DESCRIPTION OF THE TASK:
What follows is a set of records. Retype them exactly, leaving out the pictures.
+ + + + +
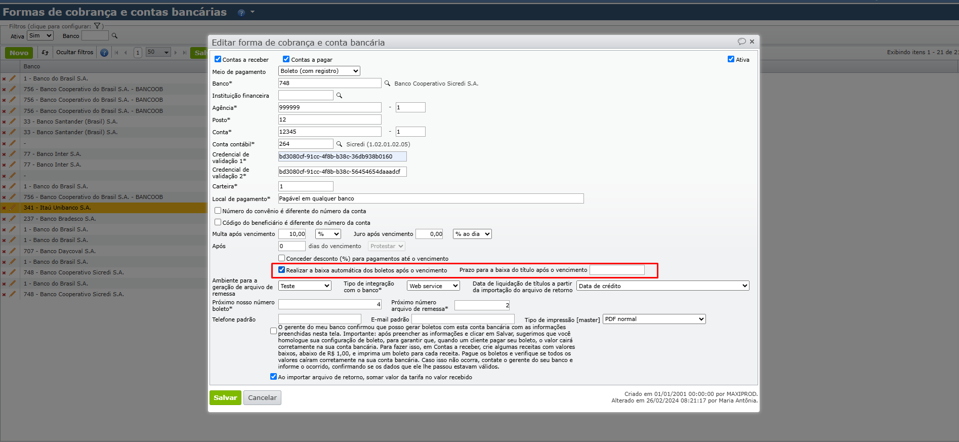 - Criadas as configurações que permitem definir instruções de baixa automática após o vencimento para boletos do Caixa Econômica Federal (104) e Banco Cooperativo Sicredi S.A. (748). Para saber mais, clique aqui.
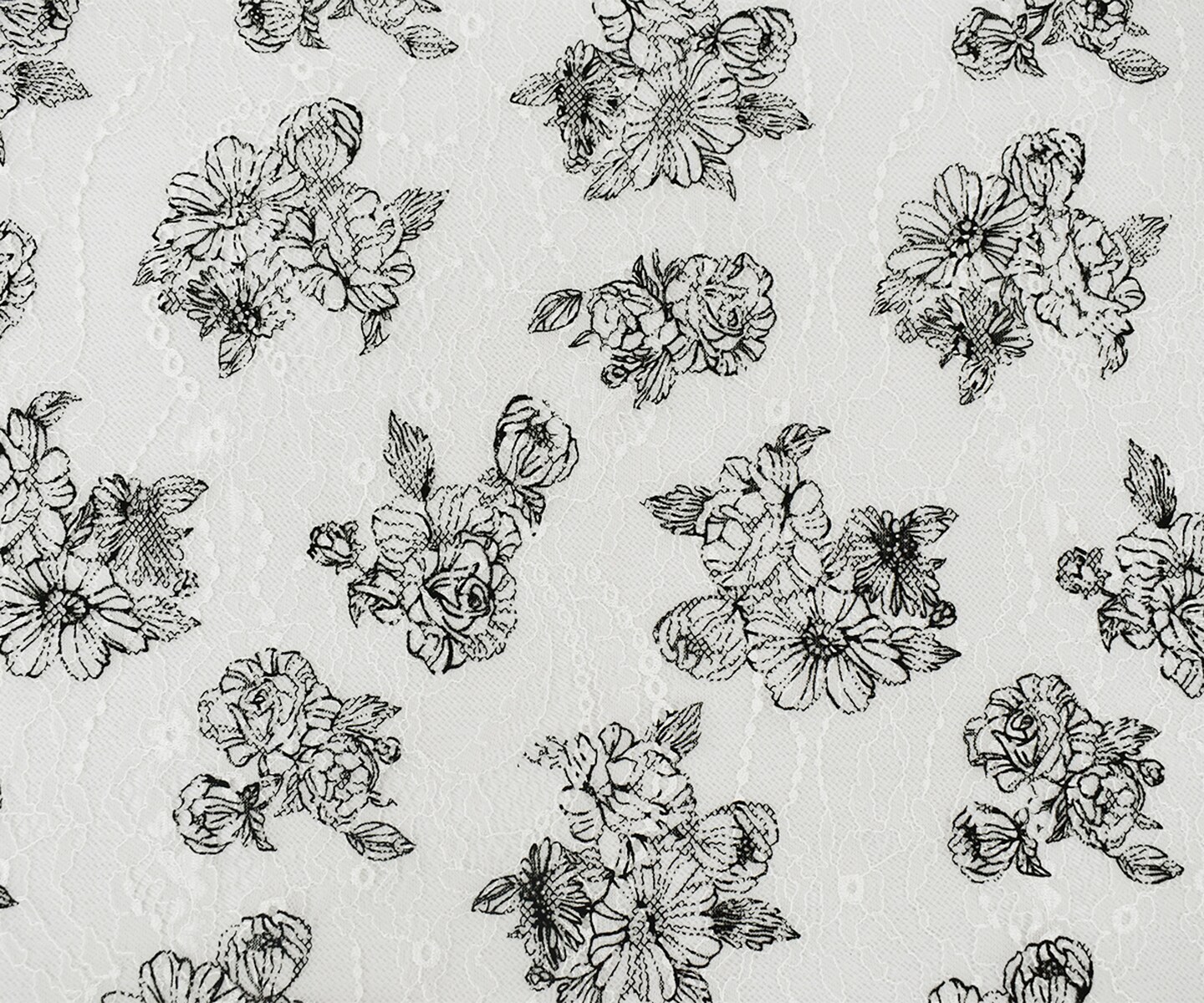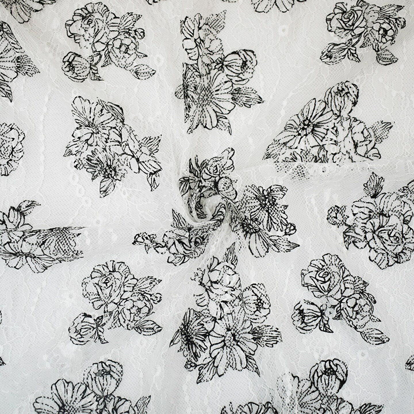 White-Black Nylon Floral Printed Lace Mesh Knit Fabric By the Yard
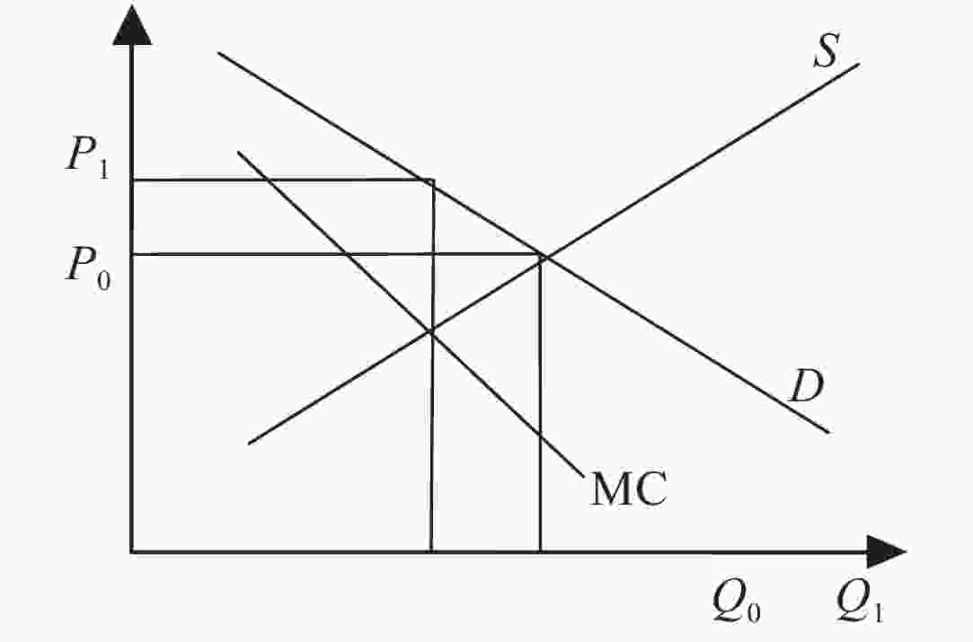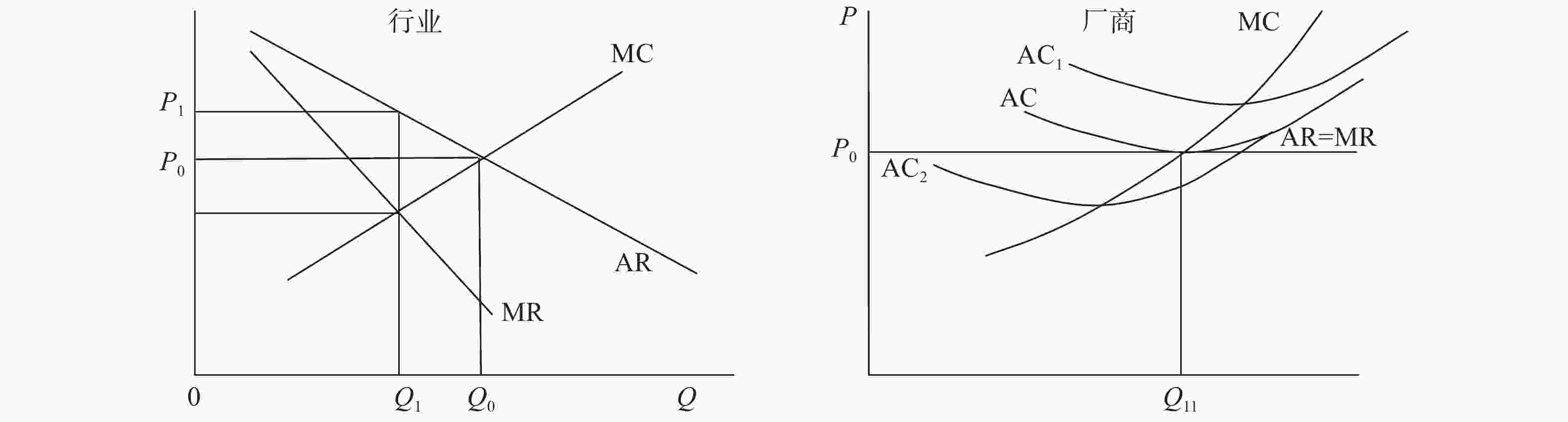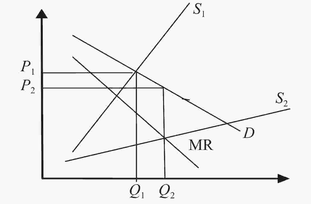 从图2可见,当某种产品全部由垄断供给,价格为P时的产量是Q(市场经济中,价格水平决定需求量,需求量决定实际产量)。现假设该产量由两个寡头垄断厂商供给,各自占市场总量的一半,那么价格将为P1。在实际中,由于价格上升,社会需求量将减少,即小于Q,由此每个厂商的供给量将小于Q1,或者说市场总供给量小于完全垄断产量Q,市场价格将高于P1。这也就是说,所有寡头垄断厂商的产量之和小于完全垄断的产量,价格水平则高于后者。
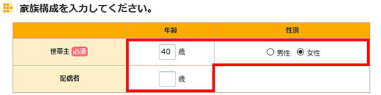 - 家族構成では、配偶者E子さんを世帯主として、シミュレーションします。
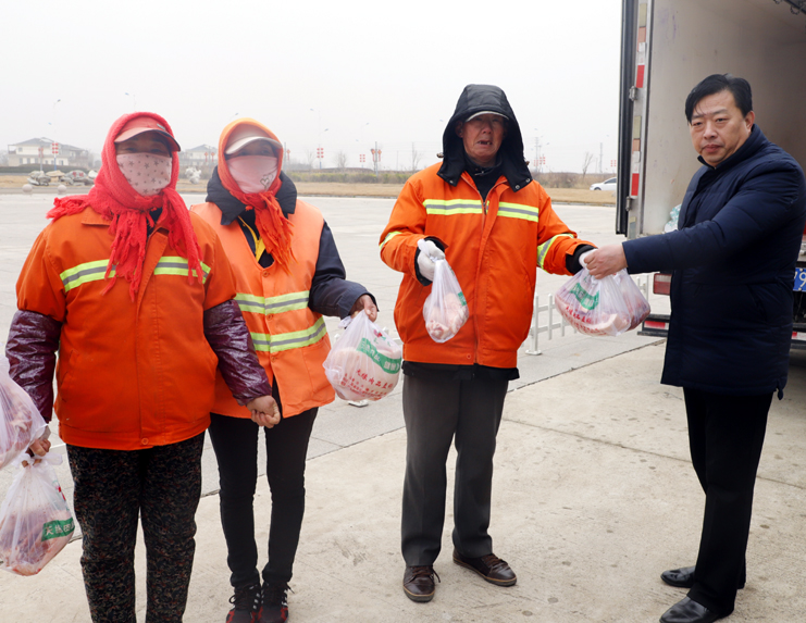 市總工會一行首先向身著環(huán)衛(wèi)工馬甲排成整齊隊(duì)伍的40余名南翼一線環(huán)衛(wèi)工人送上市總工會冬日里的問候。隨后,為南翼一線環(huán)衛(wèi)工人發(fā)放了豬肉等慰問品,讓堅(jiān)守在一線的環(huán)衛(wèi)工人感受到市總工會的溫暖和關(guān)懷。
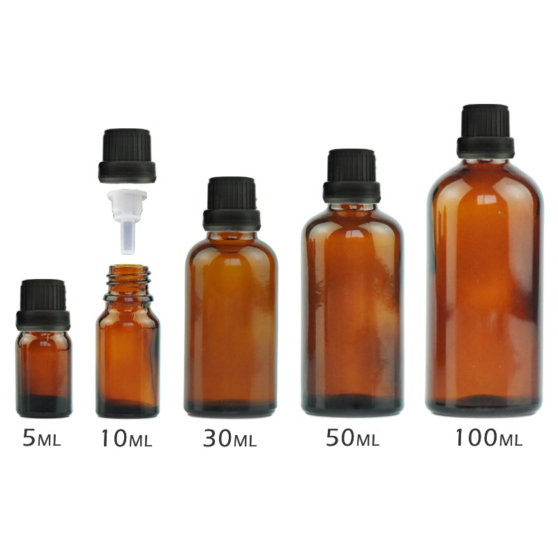 茶色玻璃精油空瓶(含蓋附內滴管)5-100ml。花草堂
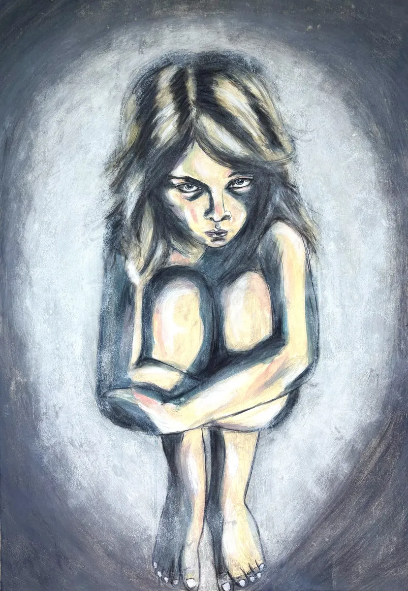 « Humanity Staring at You », serie. These eyes don’t look away. Bodies folded inwards, tense, carved in raw vulnerability. Here, humanity is the one watching you — asking silent questions. No comfort. No escape. Just an unfiltered face-to-face with what we are.
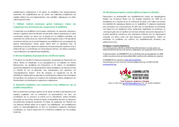Η ΕΕ πρέπει να εγγυηθεί το δικαίωμα ενημέρωσης, συμμετοχής και δικαιοσύνης για όλους. Πρέπει να σταματήσει τη μη συμμόρφωση με τη Σύμβαση του Aarhus βελτιώνοντας την πρόσβαση στη δικαιοσύνη. Η ΕΕ πρέπει να εξασφαλίσει μεγαλύτερη διαφάνεια στις δραστηριότητες λήψης αποφάσεων και άσκησης πίεσης σε επίπεδο ΕΕ και να βελτιώσει τους περιορισμούς στις πρακτικές των“ περιστρεφόμενων θυρών”. Αυτό θα ενισχύσει τη νομιμότητα της ΕΕ, θα εξασφαλίσει ισορροπημένη συμμετοχή των εμπλεκόμενων φορέων ενώ ταυτόχρονα θα εμποδίσει την εμπλοκή των εταιρειών στις διαδικασίες λήψης αποφάσεων και θα αποτρέψει τις ανεπιθύμητες συγκρούσεις συμφερόντων.
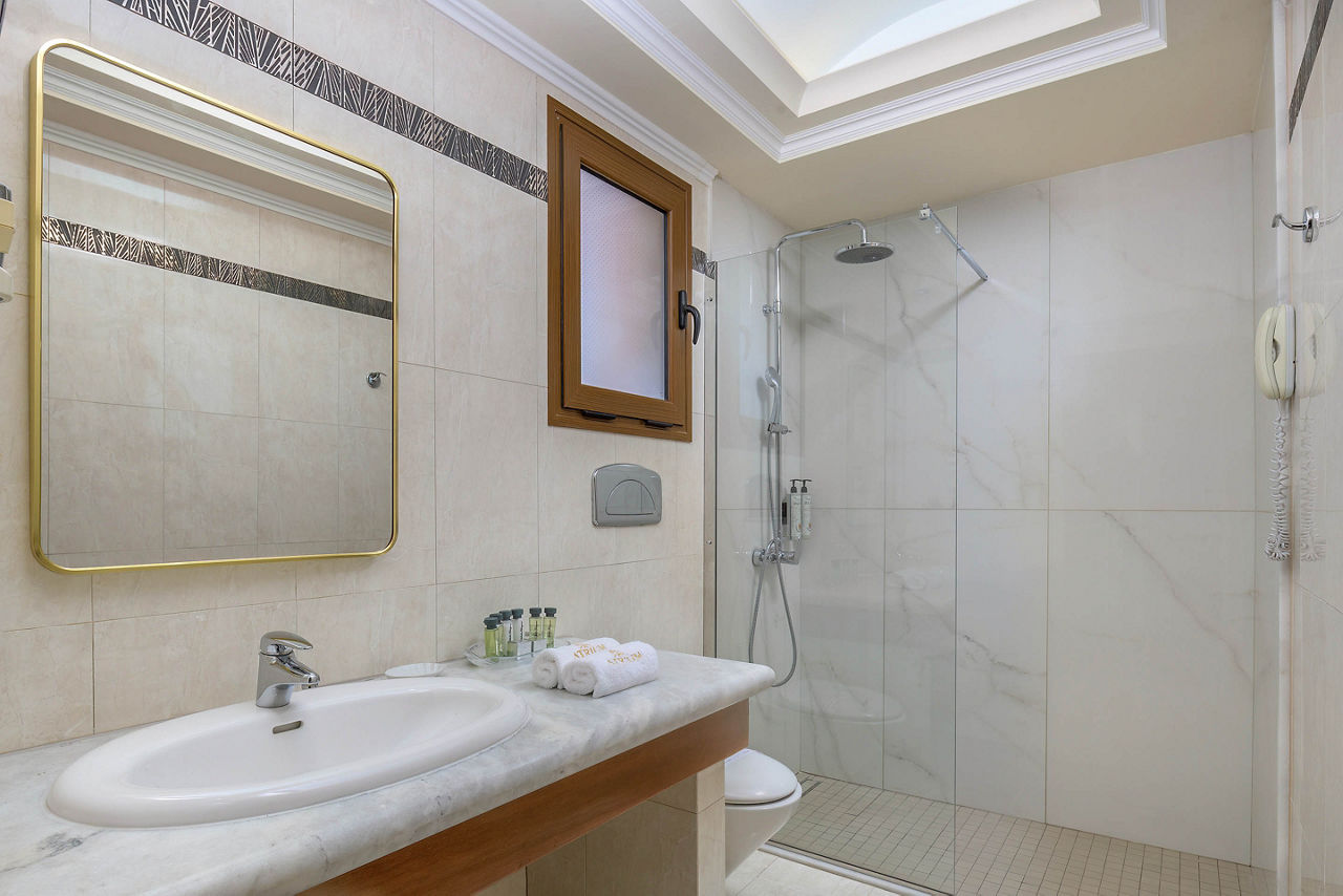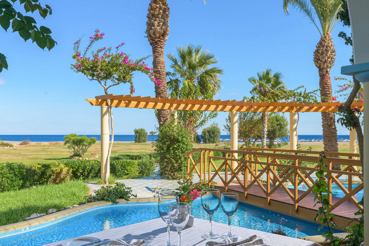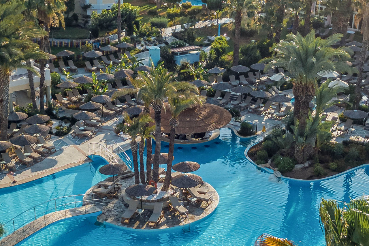 Where a combined ensemble of Greek and Italianate architecture meets the gentle ripples of three, palm-lined pools, a captivating complex waits to welcome you. As its name suggests, this palatial property provides villa accommodation, as well as gorgeous rooms and suites, all while the spa is its crowning standout. Prepare to be charmed by the Roman pillars, range of board bases and fabulous, family-friendly amenities too. Allow your toes to sink into the mix of sand and pebbles just a seafront stroll away. Then, delight your senses upon return with the smorgasbord of tempting buffet and ? la carte dishes, why not opt for All Inclusive Plus where dining is a delight across the quintet of restaurants?Double rooms sleep up to 3 adults or 2 adults and 1 child and have air-conditioning, hairdryer, satellite TV, mini-bar*, tea and coffee making facilities, full bathroom, bathrobes and slippers and balcony or terrace. Disabled rooms are available on request. Side sea view and Sea view rooms, Junior suites with whirlpool bath and Family suites with whirlpool bath and separate lounge are also available. Deluxe villas with pool sleeping up to 3 adults, Executive villas sleeping up to 4 adults and Presidential villas sleeping up to 5 adults with two bedrooms and two bathrooms are also available. All villas have private heated pools and a terrace, and include free access to the Thalasso Spa Centre and a separate breakfast area with à la carte specialities
+ + + + +
ANSWER TO THIS PROBLEM:
 - Criadas as configurações que permitem definir instruções de baixa automática após o vencimento para boletos do Caixa Econômica Federal (104) e Banco Cooperativo Sicredi S.A. (748). Para saber mais, clique aqui.
 White-Black Nylon Floral Printed Lace Mesh Knit Fabric By the Yard
 从图2可见,当某种产品全部由垄断供给,价格为P时的产量是Q(市场经济中,价格水平决定需求量,需求量决定实际产量)。现假设该产量由两个寡头垄断厂商供给,各自占市场总量的一半,那么价格将为P1。在实际中,由于价格上升,社会需求量将减少,即小于Q,由此每个厂商的供给量将小于Q1,或者说市场总供给量小于完全垄断产量Q,市场价格将高于P1。这也就是说,所有寡头垄断厂商的产量之和小于完全垄断的产量,价格水平则高于后者。
 - 家族構成では、配偶者E子さんを世帯主として、シミュレーションします。
 市總工會一行首先向身著環(huán)衛(wèi)工馬甲排成整齊隊(duì)伍的40余名南翼一線環(huán)衛(wèi)工人送上市總工會冬日里的問候。隨后,為南翼一線環(huán)衛(wèi)工人發(fā)放了豬肉等慰問品,讓堅(jiān)守在一線的環(huán)衛(wèi)工人感受到市總工會的溫暖和關(guān)懷。
 茶色玻璃精油空瓶(含蓋附內滴管)5-100ml。花草堂
 « Humanity Staring at You », serie. These eyes don’t look away. Bodies folded inwards, tense, carved in raw vulnerability. Here, humanity is the one watching you — asking silent questions. No comfort. No escape. Just an unfiltered face-to-face with what we are.
Η ΕΕ πρέπει να εγγυηθεί το δικαίωμα ενημέρωσης, συμμετοχής και δικαιοσύνης για όλους. Πρέπει να σταματήσει τη μη συμμόρφωση με τη Σύμβαση του Aarhus βελτιώνοντας την πρόσβαση στη δικαιοσύνη. Η ΕΕ πρέπει να εξασφαλίσει μεγαλύτερη διαφάνεια στις δραστηριότητες λήψης αποφάσεων και άσκησης πίεσης σε επίπεδο ΕΕ και να βελτιώσει τους περιορισμούς στις πρακτικές των“ περιστρεφόμενων θυρών”. Αυτό θα ενισχύσει τη νομιμότητα της ΕΕ, θα εξασφαλίσει ισορροπημένη συμμετοχή των εμπλεκόμενων φορέων ενώ ταυτόχρονα θα εμποδίσει την εμπλοκή των εταιρειών στις διαδικασίες λήψης αποφάσεων και θα αποτρέψει τις ανεπιθύμητες συγκρούσεις συμφερόντων.
 Where a combined ensemble of Greek and Italianate architecture meets the gentle ripples of three, palm-lined pools, a captivating complex waits to welcome you. As its name suggests, this palatial property provides villa accommodation, as well as gorgeous rooms and suites, all while the spa is its crowning standout. Prepare to be charmed by the Roman pillars, range of board bases and fabulous, family-friendly amenities too. Allow your toes to sink into the mix of sand and pebbles just a seafront stroll away. Then, delight your senses upon return with the smorgasbord of tempting buffet and ? la carte dishes, why not opt for All Inclusive Plus where dining is a delight across the quintet of restaurants?Double rooms sleep up to 3 adults or 2 adults and 1 child and have air-conditioning, hairdryer, satellite TV, mini-bar*, tea and coffee making facilities, full bathroom, bathrobes and slippers and balcony or terrace. Disabled rooms are available on request. Side sea view and Sea view rooms, Junior suites with whirlpool bath and Family suites with whirlpool bath and separate lounge are also available. Deluxe villas with pool sleeping up to 3 adults, Executive villas sleeping up to 4 adults and Presidential villas sleeping up to 5 adults with two bedrooms and two bathrooms are also available. All villas have private heated pools and a terrace, and include free access to the Thalasso Spa Centre and a separate breakfast area with à la carte specialities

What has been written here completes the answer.